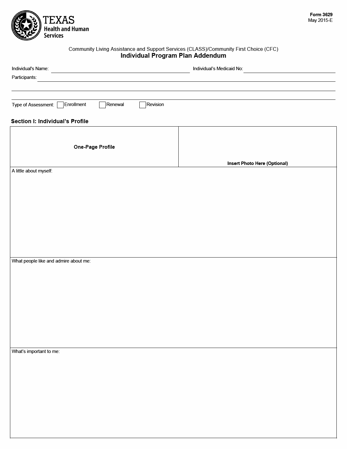 The addendum requires the individual's name, Medicaid number, and type of assessment (enrollment, renewal, or revision). It also includes a section for the individual to provide a one-page profile, which can include a photo. This profile serves as an opportunity for the individual to share what they like and admire about themselves, providing a personal touch to their program plan.
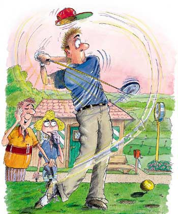 另外一个应该考虑的就是身体姿势。如果身体姿势错误,弯腰低头太多,没有保持较高的站姿,那击球将过于下砸。背部弯曲成弓形,动作将是一个挖起动作,结果是完全的挖地,而无法将球击出,因为弯曲的背部无法保证螺旋式的正确旋转。
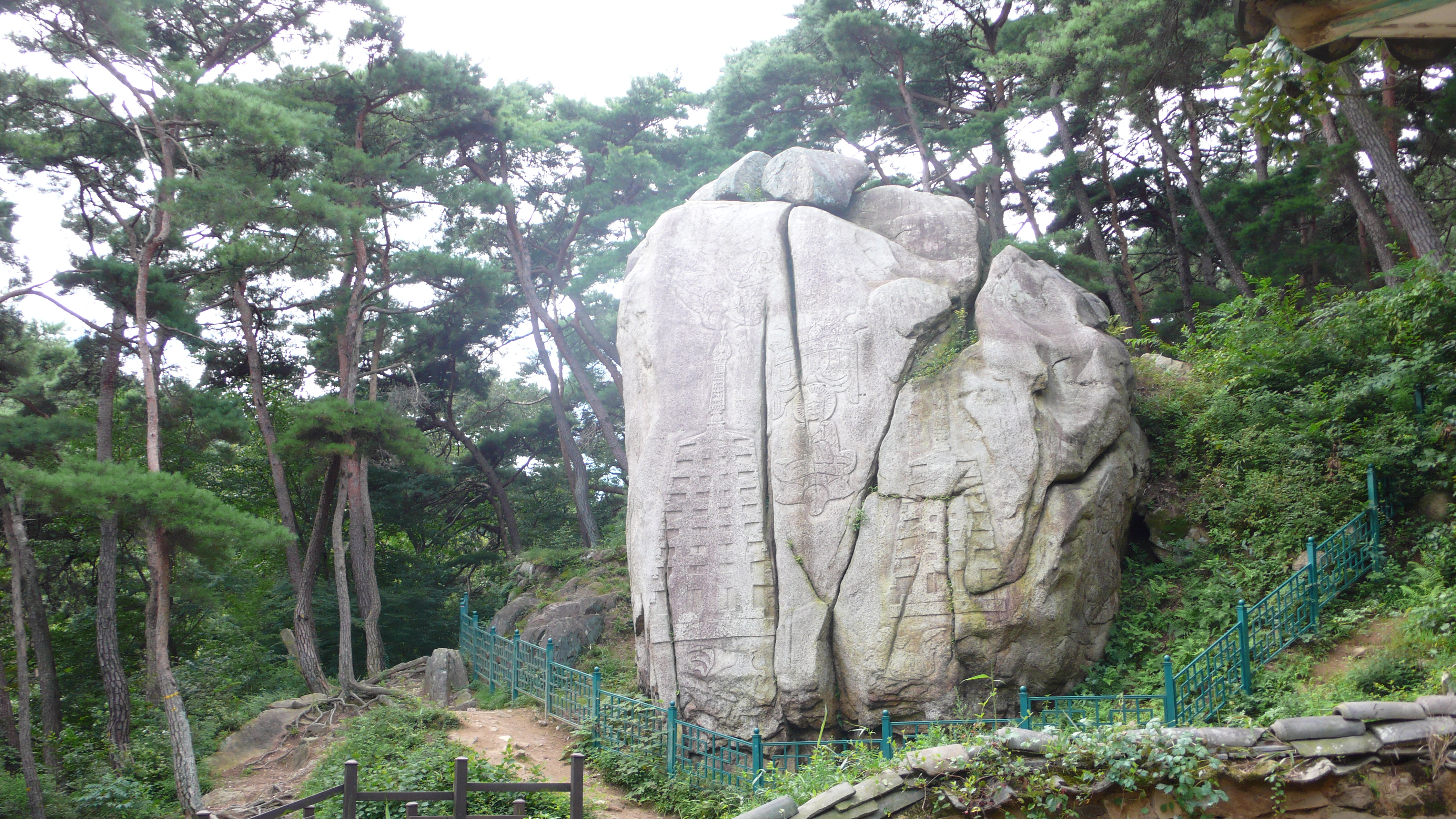 남쪽 산 위로 거대한 바위의 마애불상군이 서 있고 아래로 대웅전, 칠성각 , 요사체등이 자리 잡고 있다.
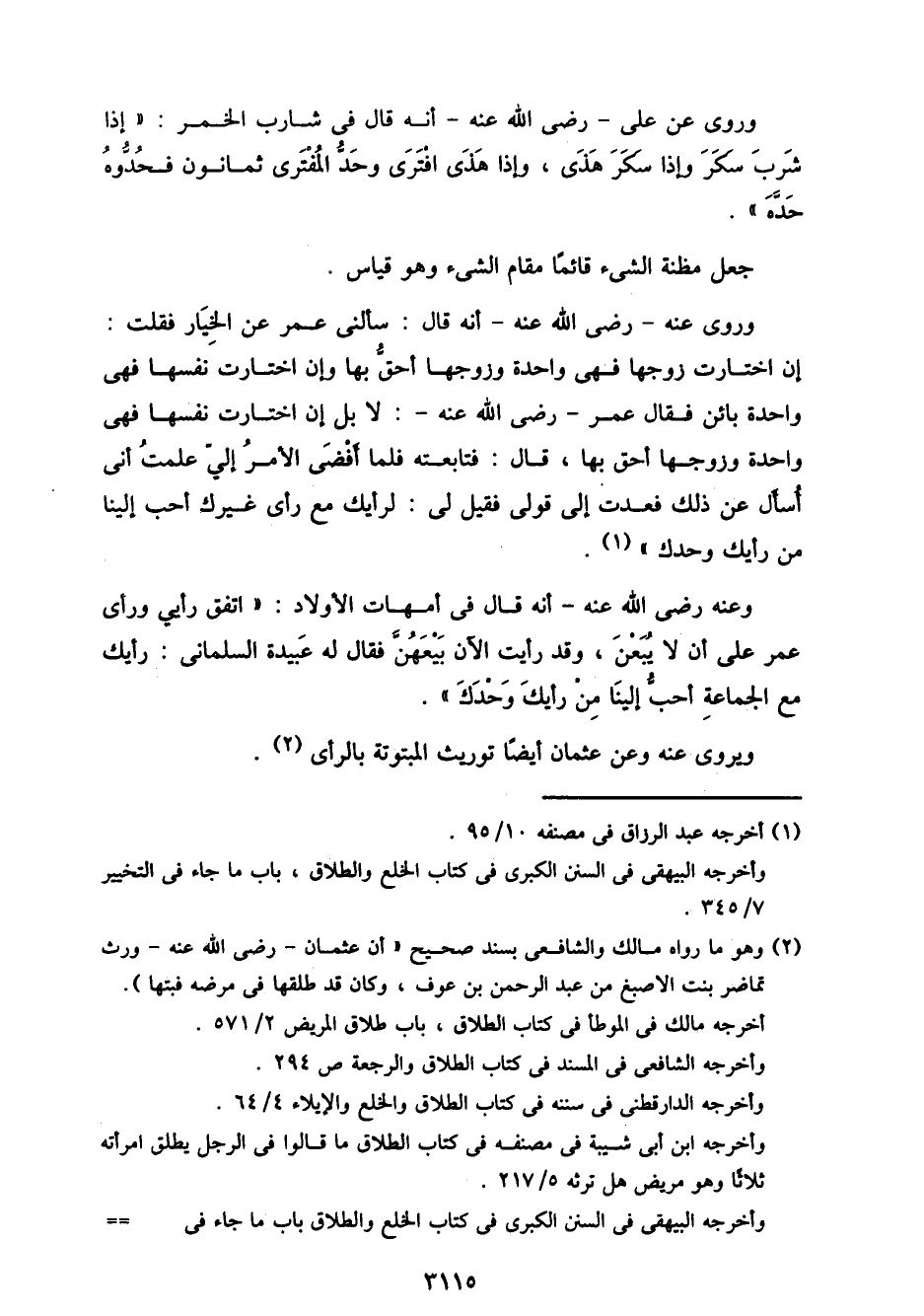 وروى عنه- رضي الله عنه- أنه قال: سألني عمر عن الخيار فقلت: إن اختارت زوجها فهي واحدة وزوجها أحق بها وإن اختارت نفسها فهي واحده بائن فقال عمر- رضي الله عنه-: لا بل إن اختارت نفسها فهي واحدة وزوجها أحق بها، قال: فتابعته فلما أفضى الأمر إلي علمت أني أسأل عن ذلك فعدت إلى قولي فقيل لي: لرأيك مع رأي غيرك أحب إلينا من رأيك وحدك".

^^^^^^^^^^^^^^^^

Go through the listing above and write it out again exactly, dropping the pictures.

• [Written solution]:
 The addendum requires the individual's name, Medicaid number, and type of assessment (enrollment, renewal, or revision). It also includes a section for the individual to provide a one-page profile, which can include a photo. This profile serves as an opportunity for the individual to share what they like and admire about themselves, providing a personal touch to their program plan.
 另外一个应该考虑的就是身体姿势。如果身体姿势错误,弯腰低头太多,没有保持较高的站姿,那击球将过于下砸。背部弯曲成弓形,动作将是一个挖起动作,结果是完全的挖地,而无法将球击出,因为弯曲的背部无法保证螺旋式的正确旋转。
 남쪽 산 위로 거대한 바위의 마애불상군이 서 있고 아래로 대웅전, 칠성각 , 요사체등이 자리 잡고 있다.
 وروى عنه- رضي الله عنه- أنه قال: سألني عمر عن الخيار فقلت: إن اختارت زوجها فهي واحدة وزوجها أحق بها وإن اختارت نفسها فهي واحده بائن فقال عمر- رضي الله عنه-: لا بل إن اختارت نفسها فهي واحدة وزوجها أحق بها، قال: فتابعته فلما أفضى الأمر إلي علمت أني أسأل عن ذلك فعدت إلى قولي فقيل لي: لرأيك مع رأي غيرك أحب إلينا من رأيك وحدك".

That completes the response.